Urgent and emergent problems affect the health care of all women at some time during their lives. This issue provides strategies for individual and team training; simulations and drills; development of protocols, guidelines, and checklists; and use of information technology. These activities and tools apply to outpatient and inpatient settings. Although participants tend to react positively to this continuing education and improve in knowledge, skills, and behavior, more descriptions about patient outcomes are necessary.
Obstetric emergencies have served as excellent examples of simulation training of individuals and multidisciplinary teams to swiftly address conditions that could rapidly deteriorate. Simulation drills reviewed in this issue are nicely summarized in the last article. Examples include hypertension during pregnancy, shoulder dystocia, pulmonary embolism and amniotic fluid embolism, and postpartum hemorrhage. Preparing for and management of women with septic shock, cardiac arrest, endocrine emergencies, and acute pelvic inflammatory disease are also well covered. Annual training is adequate for providers who demonstrate competency after initial training.
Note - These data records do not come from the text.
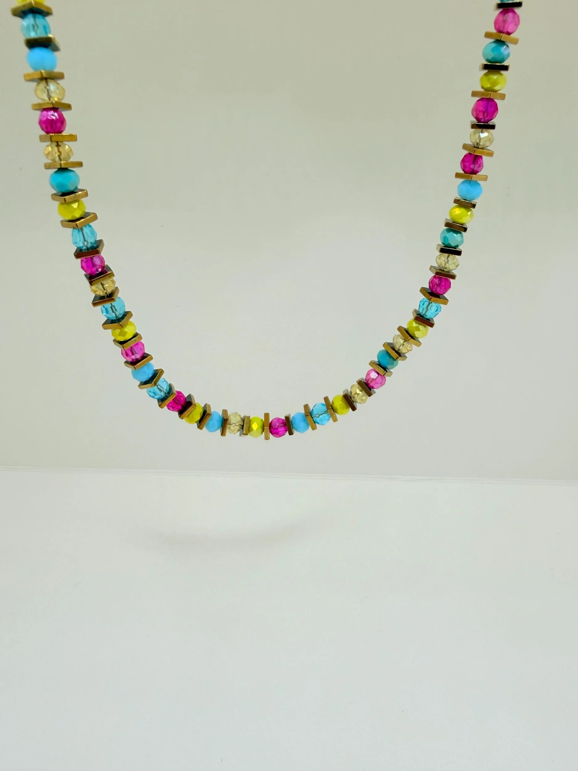 Meet the piece that levels up your stack: this half-sparkle, half-color necklace is the perfect balance of playful and polished. Designed to add a pop of color to your gold stack while still bringing just the right amount of shine. Finished with a gold-plated magnetic clasp for effortless wear, this necklace is made to snap on, stand out, and become your new everyday (and game day) favorite.
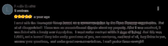 I went with the Davenport Group based on a recommendation by the Dave Ramsey organization Not at all disappointed! There was an encroachment dispute about my property After it was resolved, it was listed with a lovely new description It went under contract within 3 days of listing! And this was LAND, not a house! They take really good care of you, are courteous, and best of all, they listen to you, answer your questions, and make great recommendations I can't praise them enough!!
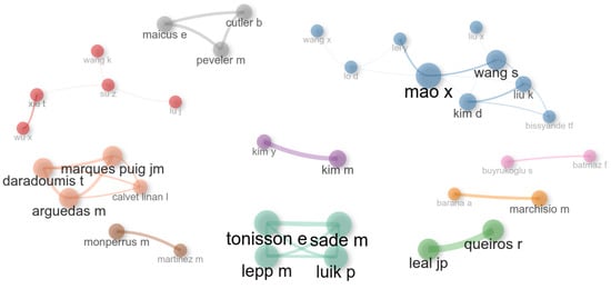 There are several researchers collaborating on projects that publish together very often. RQ2-4 aims to identify them. To this end, we created a graph of the authors’ collaboration networks, presented in Figure 8. Bolder edges indicate a stronger partnership relation between authors, i.e., the authors participated together in the same publications more often. For instance, Leal J. P. and Queiros R. authored many of their publications together. The same applies for Tonisson E. and Sade M., who also collaborated less frequently with Lepp M. and Luik P.
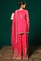Featuring a pink kurta in chinon base with cutdana and sequins hand embellishments. It is paired with embellished sharara pants and a tissue dupatta. Accentuate it with kundan polki jewellery and heels for a wedding or sangeet ceremony.
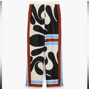 ZARA PRINTED SATIN EFFECT PALAZZO TROUSER PANTS $119
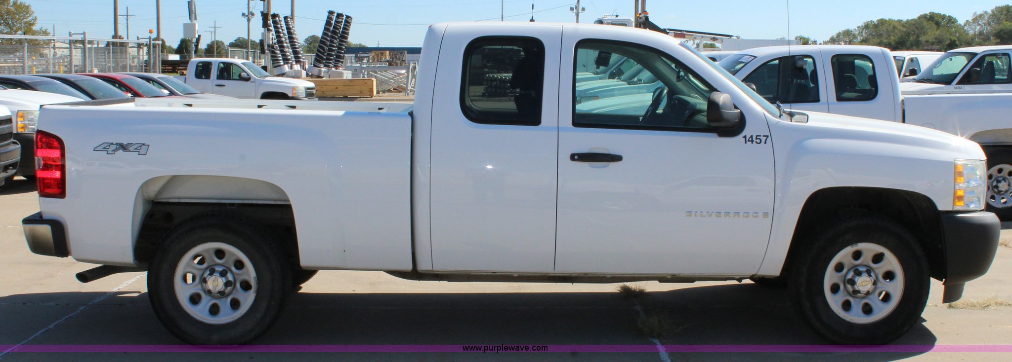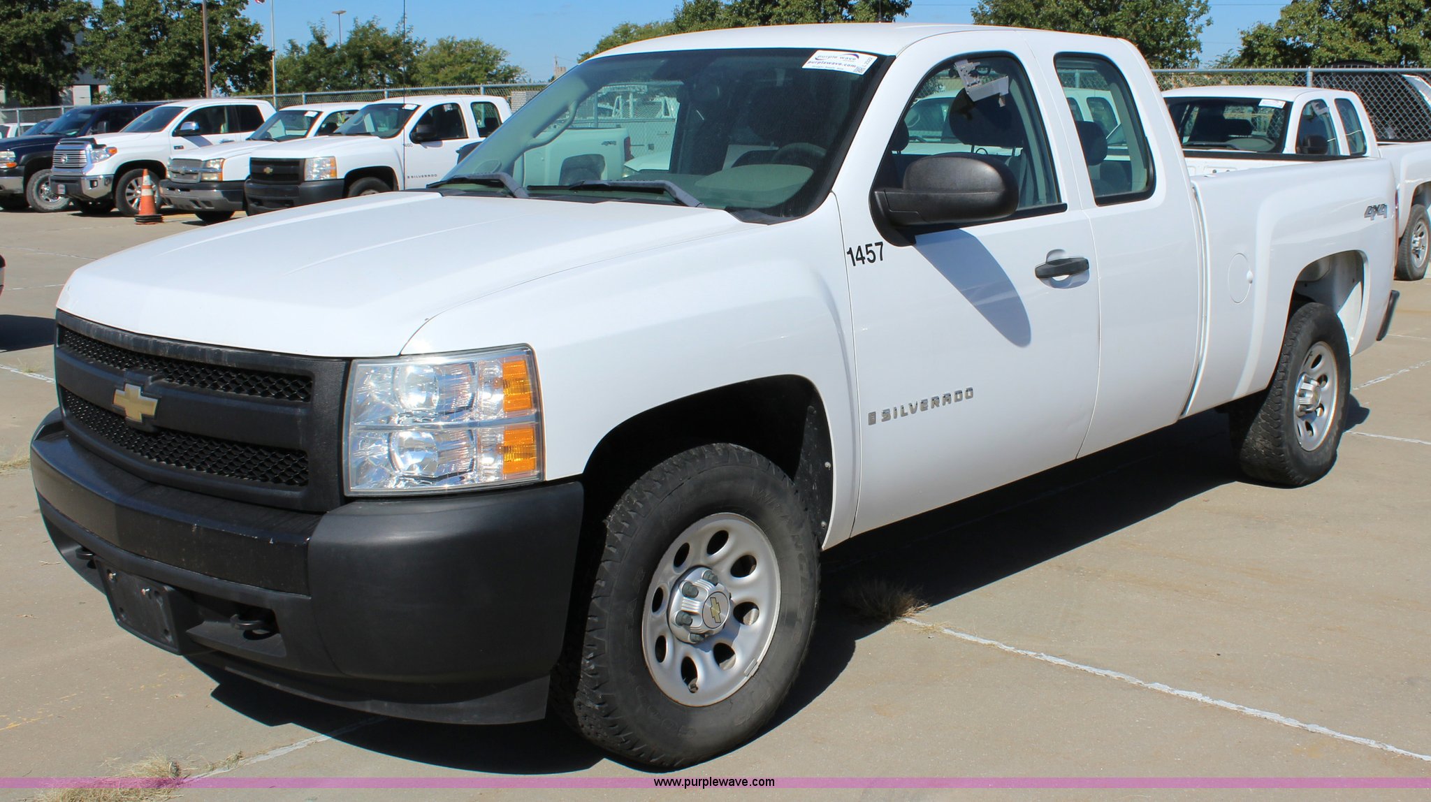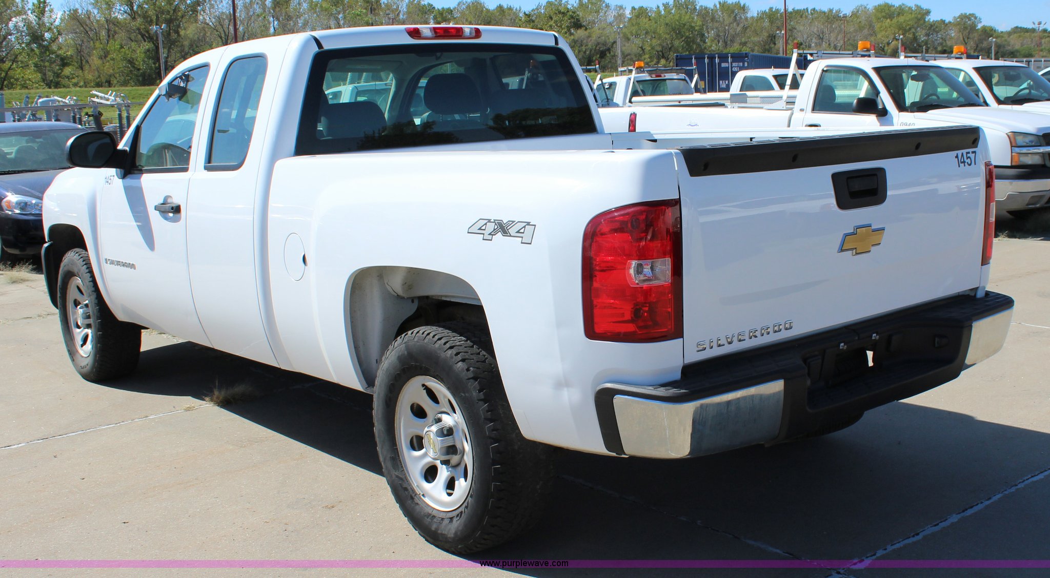 Purple Wave is selling a used 1/2 Ton Pickup or Van in Kansas. This item is a 2008 Chevrolet Silverado 1500 Ext. Cab pickup truck with the following: 123,626 miles on odometer, 4.8L V8 OHV 16V gas engine, Automatic transmission, Four wheel drive, AC and heat, Tilt, Cruise, AM/FM/CD, Power windows, locks, and mirrors, Cloth interior, Front tow hooks, 265/70R17 tires, Unit# 1457

However, those who are unsuccessful during and after a few weeks of training should undergo remediation and be followed to ensure retention of skills.
A standardized checklist can be a helpful reminder for urgent or emergent conditions in the clinic, operating room, and labor and delivery. Condition-specific checklists provide a set of elements to be checked at sign in, timeout, and sign out. Before an emergent surgery, a surgeon-led preoperative briefing or “timeout” that goes beyond a simple checklist permits more thorough communication among all team members. Debriefings or “huddles” after surgery are useful to understand everyone’s role, identify any underappreciated hazards, and acknowledge any mistakes for improvement. Last, formal handoffs through verbal and written communications can be used during the transfer of patient care from one individual or team to another during and after the emergency.
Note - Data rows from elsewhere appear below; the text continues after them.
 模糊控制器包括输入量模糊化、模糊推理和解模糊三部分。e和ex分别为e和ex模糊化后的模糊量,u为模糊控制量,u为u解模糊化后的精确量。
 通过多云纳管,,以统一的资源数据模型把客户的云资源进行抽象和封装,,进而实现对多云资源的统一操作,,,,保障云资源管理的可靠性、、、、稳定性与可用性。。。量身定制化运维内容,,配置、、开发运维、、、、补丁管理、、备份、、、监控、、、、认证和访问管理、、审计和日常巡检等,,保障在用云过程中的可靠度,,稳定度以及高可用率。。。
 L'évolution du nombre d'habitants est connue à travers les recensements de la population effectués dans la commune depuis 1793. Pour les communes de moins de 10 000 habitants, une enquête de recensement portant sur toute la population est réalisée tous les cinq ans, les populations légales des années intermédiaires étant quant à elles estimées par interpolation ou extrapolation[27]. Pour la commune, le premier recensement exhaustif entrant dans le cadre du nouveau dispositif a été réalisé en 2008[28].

Most emergencies described in this issue occur in or lead to hospitalization. Consistent use of well-developed, evidence-based practice guidelines results in a more consistent application of best practices. Depending on the emergent condition, guidelines can include several components: development of multidisciplinary engagement and pathways, formation of any rapid response teams, and performance of regular simulation drills. Reexamining each case, such as at nonpunitive morbidity and mortality conferences, identifies any deviation from hospital guidelines. These guidelines can then be revised to reduce practice deviation, train staff in management of the emergency condition, and implement more effective practice drills.
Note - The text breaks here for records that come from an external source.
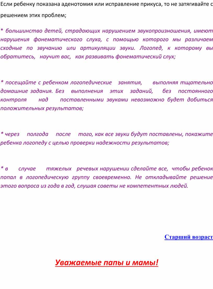 Ошибочно надеяться на самопроизвольное исчезновение недостатков произношения по мере роста ребенка, т. к. они могут прочно закрепиться и превратиться в стойкое нарушение.
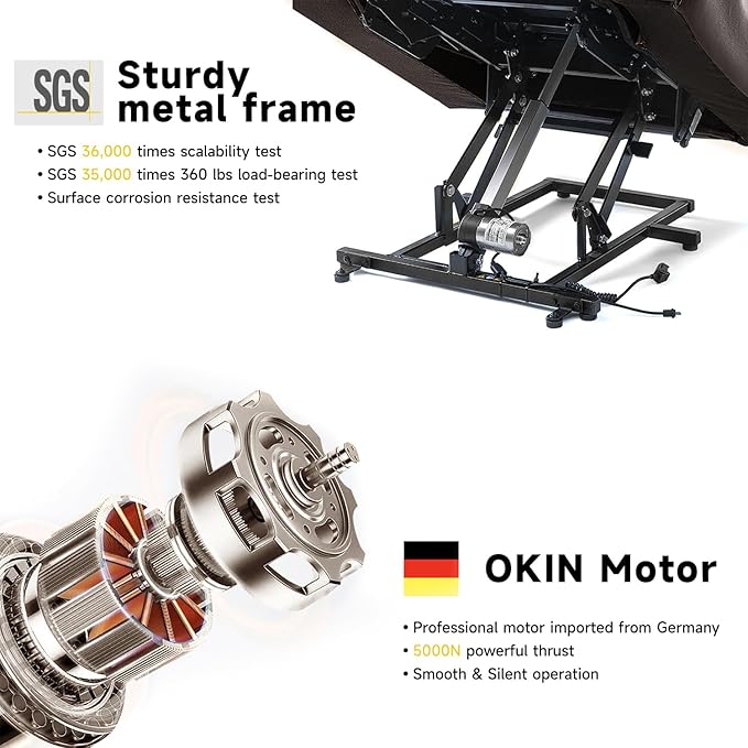 - 【Adjustable to Any Position】Power Lift Recliner Adjust to Any Angle You Need(45°-165°), Our lift chairs are equipped with a lift remote control, which Avoids the issue of not being able to reach the lift button on the armrest when lying down. Additionally, Based on SGS testing, Button replacing the remote control resulted in a 72% decrease in chair malfunction rates.
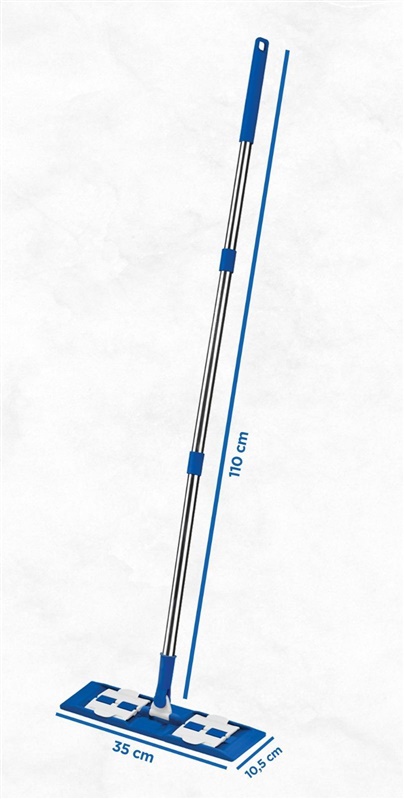 Prekės ženklas- -. Ilgis- 110 – 110cm. Darbinės dalies ilgis- 35 cm. Darbinės dalies plotis- 10.5 cm. Spalva- Mėlyna, Balta, Chromo. Medžiaga- Metalas, Plastikas. Su nugręžimo funkcija- Ne. Privaloma garantija- 24 mėn. Teleskopinis kotas- Ne. Garantija juridiniams asmenims- 12 mėn. Tinkantys priedai- Tinkančios šluostės 000101168063.

Definite progress has occurred since our last issue on this subject. I appreciate the efforts of Dr Huguelet and Dr Galan, along with their team of experienced obstetricians and gynecologists. Their thoughtful and comprehensive recommendations include many scenarios faced by the practitioner at various times in their careers. Providers must be equipped with the medical knowledge, surgical skills, and current scientific evidence to guide their approach to any emergent event. By instituting recommendations provided in this issue, we should be better prepared to be ready, and to recognize, respond, and report our delivery of health care to our compromised patients.